Approaches to Intrusion Prevention


Approaches to Intrusion Prevention


Signature Based :-

Although Cisco uses a blend of detection and prevention technologies, signature-based IPS is the primary tool that Cisco IPS solutions use. Cisco releases signatures that are added to the device; they identify a pattern that the most common attacks present.
This tool is much less prone to false positives and ensures that the IPS devices stop common threats. This type of approach is also called pattern matching. As different types of attacks are created, these signatures can be added, tuned, and updated to deal with the new attacks.


Anomaly Based :-

This type of intrusion prevention technology is often called profile based.
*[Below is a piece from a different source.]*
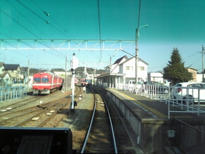 | 八幡駅 (車内前方より写す) 新浜松行きとの行き違いです。 |

It attempts to discover activity that deviates from what an engineer defines as “normal.” Because it can be so difficult to define what is normal activity for a given network, this approach tends to be prone to a high number of false positives.


The two common types of anomaly-based IPSs are statistical anomaly detection and nonstatistical. The statistical approach learns about the traffic patterns on the network itself, and the nonstatistical approach uses information coded by the vendor.


Policy Based :-

With this type of technology, the security policy is “written” into the IPS device. Alarms are triggered if activities are detected that violate the security policy coded by the organization. Notice how this differs from signature based. Signature based focuses on stopping
common attacks, and policy based is more concerned with enforcing the organization’s security policy.


Protocol Analysis Based :-

This approach is similar to signature based, but it looks deeper into packets because of a protocol-based inspection of the packet payload that can occur. Whereas most signatures examine rather common settings, protocol analysis based can do much deeper packet
inspection and is more flexible at finding some types of attacks.


Reputation Based :-

This combines any of the previous approaches with knowledge of the attacker. Cisco makes extensive use of reputation-based IPS beginning with the IPS Version 7.0 software. A cloud-based database assigns a reputation score to every IP address in the world, ranging
from a positive ten to a negative ten. Hosts that have a history of malicious activity, such as attacking or performing reconnaissance activities, receive a negative score. As the sensor identifies traffic originating from negatively scored hosts, it can take stronger action
against the traffic than it might if relying only on a signature.